If the reporting on this story has been correct, the Warriors better have an ace in their pocket or pray for a huge season from Thompson because playing the long game rarely pays off when non-major markets go after elite young players.

Why Sign-And-Trades Sometimes Aren't Possible For The Incumbent Team

At the end of my Shaun Livingston piece, I put in a little footnote that had a mistake a reader thankfully pointed out. As a CBA nerd, when something like that happens I try to write it out so that hopefully others do not fall into the same pit down the line.

In the case of Shaun Livingston, it came in the minefield of sign-and-trades. At their most basic, the concept for a S+T deal is easy to grasp: the trading team must be able to sign the player to that contract and the acquiring team has to be able to receive it.

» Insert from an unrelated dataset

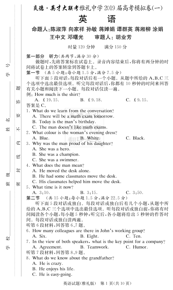 【英語(yǔ)】炎德英才大聯(lián)考2019雅禮中學(xué)高三9次月考(模擬一)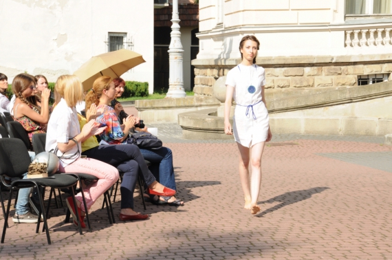 18 июля возле львовского Дворца Потоцких на улице Коперника, 15 молодая львовская дизайнер Ольга Стеблак показала свою третью летнюю коллекцию одежды из натуральных материалов. Свою коллекцию летней одежды для девушек и детей назвала "Ласточка". Цвета - белый и васильковый. Юбки от дизайнера - свободной формы, некоторые - в форме ласточкиного хвоста. Чтобы подчеркнуть естественность, все модели выходили на импровизированный подиум перед Дворцом босиком и в венках из васильков.

We end up focusing most of the time on the team getting the signed and traded player because there are different and more commonly used restrictions on that part of the transaction. The receiving team must be able to fit the contract in using cap space, a trade exception, or an appropriate amount of salary going back to the trading team. In addition, under the current CBA only teams under the luxury tax apron can acquire a player using a sign-and-trade with doing so carrying the added effect of hard capping that team at the apron for the rest of the league year.

This happened to the Warriors last season when they ended up adding Andre Iguodala from Denver with a sign-and-trade to retain their other exceptions.

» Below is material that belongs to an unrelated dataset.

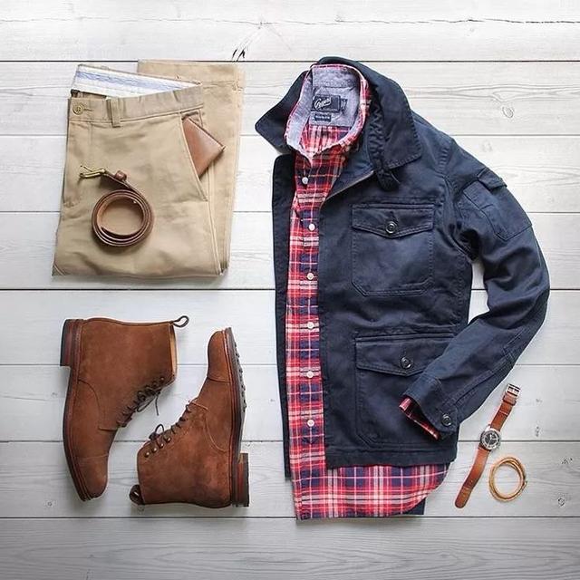 馬丁靴+卡其色休閒西褲+ 皮帶+手錶+ 格紋長袖襯衫+ 藏青色工裝外套

The part of these transactions that gets far little attention focuses on the team that has to sign and then trade their player. In many circumstances, this does not get discussed because it happens pretty easily. Most of the high-end players in the league do not get into situations where this becomes relevant but we can see in this case how this strange situation can come to pass.

The easiest way to think about how a team would be unable to sign their own player to a contract is through a series of negatives:

1. They cannot have enough cap space to sign him- This one is easy. If the team has the space to sign the player outright, this part of the trade happens painlessly. In this case, the Nets are miles over the salary cap.

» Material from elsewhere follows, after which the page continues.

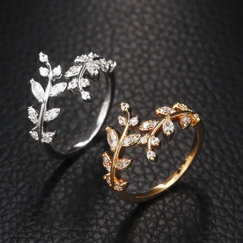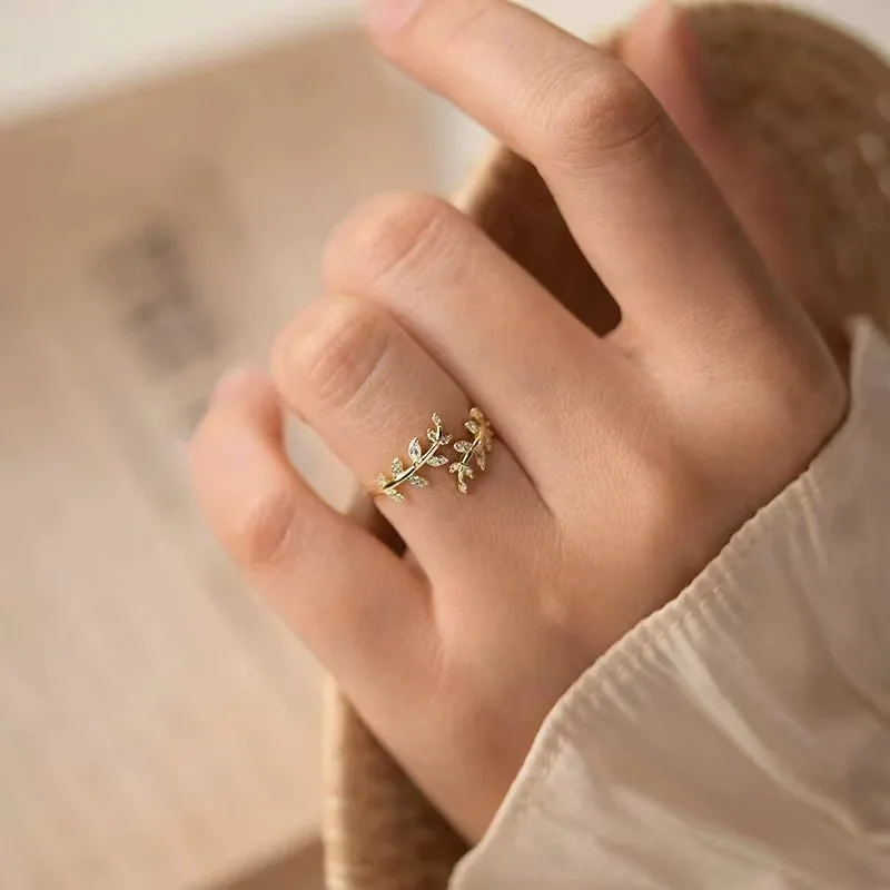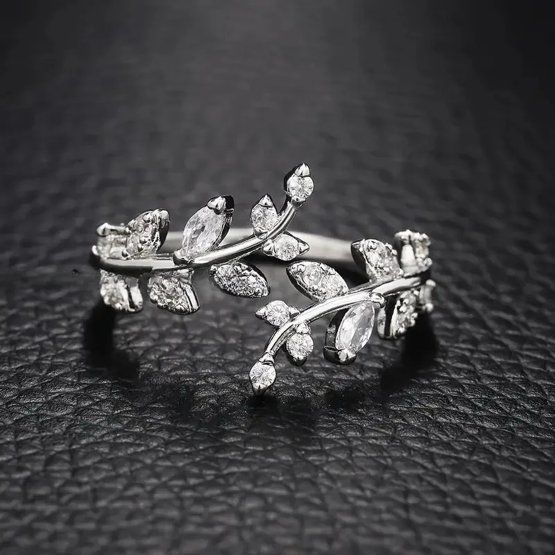 Fleepmart 925 Sterling Silver Tree Branch Shape Charm Sparkling Zirconia Rings Birthday Party Gift Women Fine Jewelry Accessories

2. They do not have full Bird rights- There are different levels of Bird rights (Non-Bird, Early Bird, Full Bird) that all have different rules and privileges. If a player has played for three seasons with the same team without clearing waivers or changing teams as a free agent, the team has full Bird rights so they can go over the cap and tax to sign him. In this case, Livingston signed with the Nets as a free agent before the 2013-14 so he is a non-Bird free agent for them. Note that because the CBA is evil, the non-Bird status is a form of Bird rights- the team just has less flexibility than the other forms.

3. The team cannot pay the salary using an exception- This has a few different components. First, the salary has to be higher than the team can pay using an exception. In this case, Livingston is signing for more than 120% of his 2013-14 salary so the Nets cannot use his “Non-Qualifying Veteran Free Agent” (non-Bird) status. In addition, the reports are that the Warriors want to sign him to the full non-taxpayer Mid-Level Exception. Since the Nets are over the apron, they only have the taxpayer MLE available and thus cannot sign him to a contract at that value using their MLE.

In these circumstances, the original team cannot sign the player to the contract he agreed to so the transaction must occur as a straight signing. Unfortunately for the Warriors, that limits their flexibility somewhat because using part of their huge trade exception would have allowed them to have their Mid-Level to use for one or more free agents. Instead, it just becomes another interesting lesson about an intricacy of the CBA.